Children among civilians killed in northern Cameroon attack

A dozen people from a village in northern Cameroon killed in attack blamed on Boko Haram.

More than 36,000 people have been killed and three million people have fled their homes since Boko Haram launched its attack in northeast Nigeria in 2009 [File: Issouf Sanogo/AFP]

At least a dozen civilians, including eight children, were killed in a village in northern Cameroon on Friday when a female suicide bomber blew herself up in an armed attack blamed on Boko Haram.

Mahamat Chetima Abba, the traditional chief in the village of Mozogo, told the AFP news agency the attackers arrived in the middle of the night brandishing machetes.

The panicked villagers tried to run off into the nearby forest when, during a stampede, the suicide bomber detonated her device.

The account was confirmed by a member of the local defence committee, who said his group had tried to repel the attack.

Cameroon’s Far North Region is grappling with deadly incursions from neighbouring Nigeria, where an armed uprising launched by Boko Haram in 2009 has killed tens of thousands of people.

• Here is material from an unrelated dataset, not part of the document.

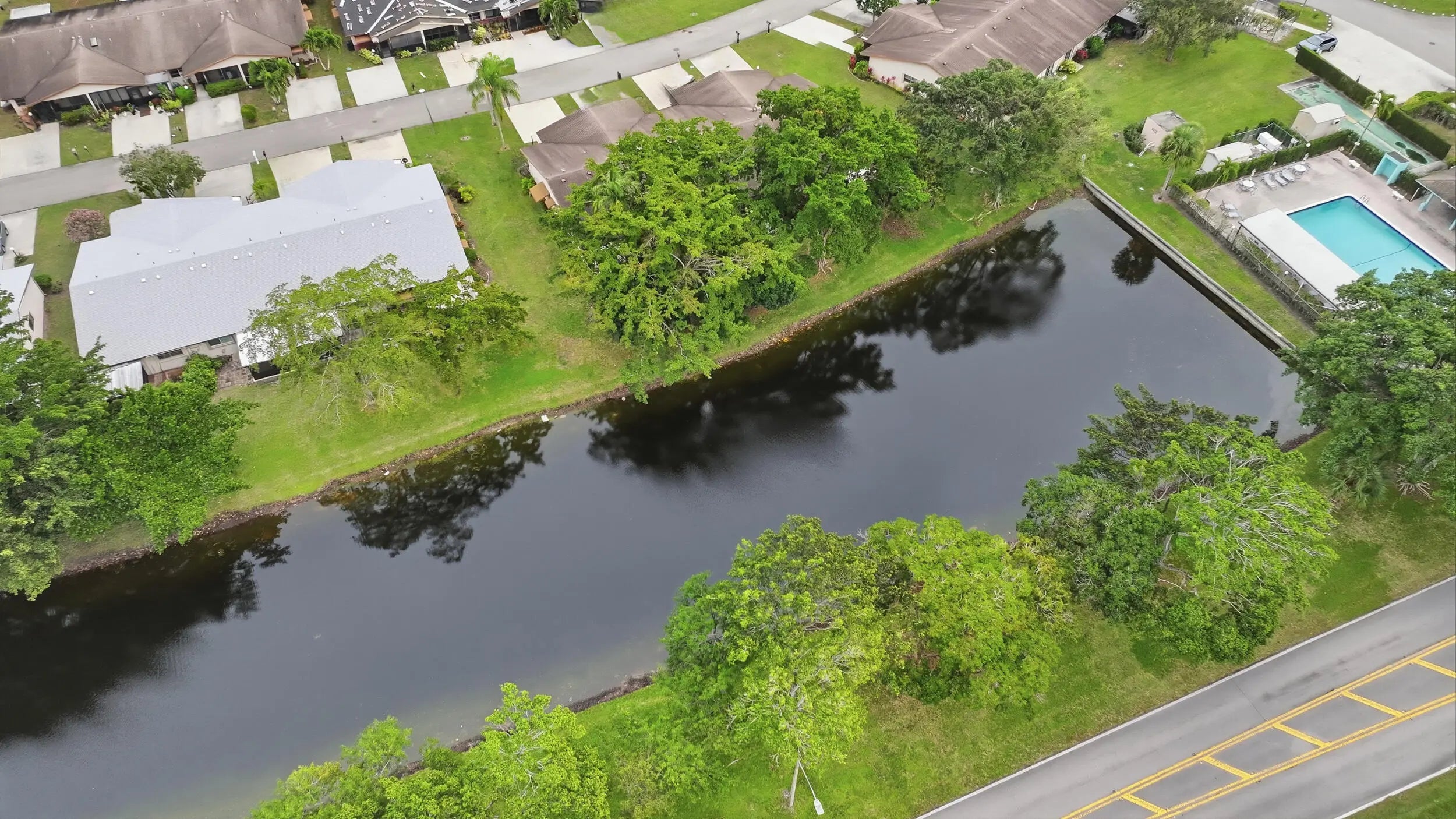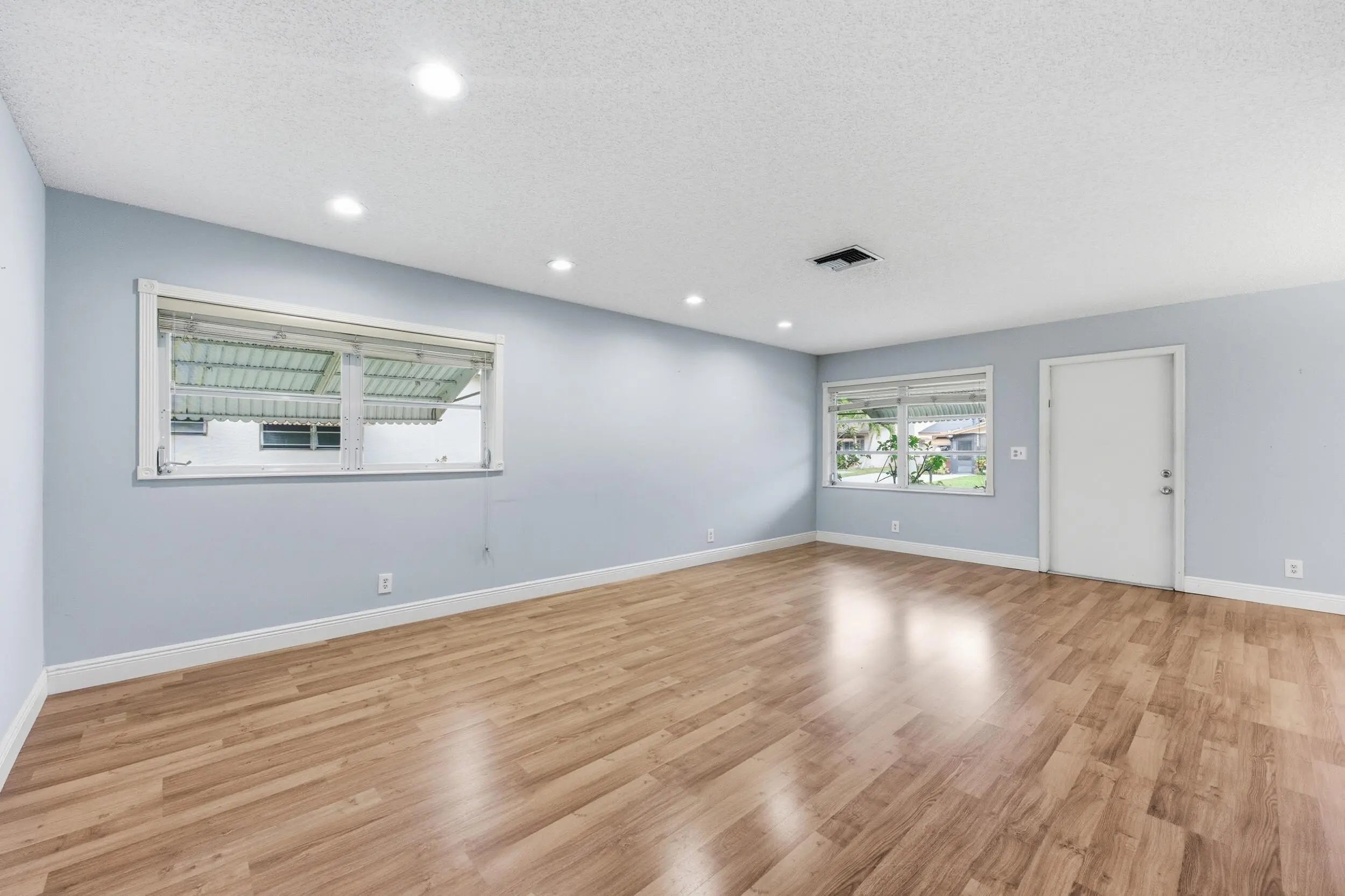 Welcome home to this charming two bedroom, two full bathroom waterfront villa featuring a screened-in patio with tranquil lake views. As you enter, you'll immediately notice the wood-look laminate flooring throughout the main living areas, complemented by updated recessed lighting and modern fixtures that create a bright and inviting atmosphere. The kitchen offers solid wood cabinetry, durable wood laminate countertops, a tiled backsplash, and an oversized dual sink with disposal. A convenient laundry closet is located within the kitchen, adding to the home's functional layout. The kitchen flows seamlessly into the living and dining areas, both generous in size and enhanced by updated trim, recessed lighting, and contemporary fixtures. The primary bedroom features wood-look vinyl flooring, a spacious walk-in closet, and peaceful views of the lake. The primary bathroom includes a solid wood shaker-style vanity and a fully tiled shower-tub combination. The secondary bedroom also offers wood-look laminate flooring, a full walk-in closet, and sliding glass doors that lead to the private screened patio overlooking the water. The secondary bathroom is equally updated with a solid wood vanity and modern hardware. The HOA covers lawn care and common area maintenance, making this a low-maintenance option for buyers seeking an easy lifestyle. Delray Villas 3 is a well-established 55+ community located just off Atlantic Avenue. You are minutes away from essential shopping, dining, and medical facilities, while the vibrant energy of Downtown Delray and award-winning beaches are just a short drive away. Community amenities include a pool and shuffleboard, providing the perfect balance of relaxation and activity.

Midjiyawa Bakari, governor of the Far North Region, told Anadolu Agency that “12 farmers from Mozogo were killed in an attack by Boko Haram at about 1am [00:00 GMT]”.

“Boko Haram terrorists stormed the village, firing shots in the air. Villagers fled to a park, where Boko Haram fighters brought a girl strapped with explosives,” he said. “Twelve villagers, the young suicide bomber, and a Boko Haram terrorist were killed in the explosion, while two more people were seriously injured.”

Abba, the village chief, and a regional police officer also blamed Boko Haram for carrying out the attack.

“They infiltrated the population. Boko Haram is inflicting more and more damage here,” Abba said. “However, it seems that they no longer have the means to carry out mass attacks using guns,” he said, noting that the assailants had carried machetes.

More than 36,000 people have been killed – most of them in Nigeria – and three million people have fled their homes since Boko Haram launched its uprising in northeast Nigeria in 2009.

Boko Haram and a splinter group called the Islamic State in West Africa Province (ISWAP) have stepped up attacks in recent years in Nigeria and neighbouring Niger, Chad and Cameroon.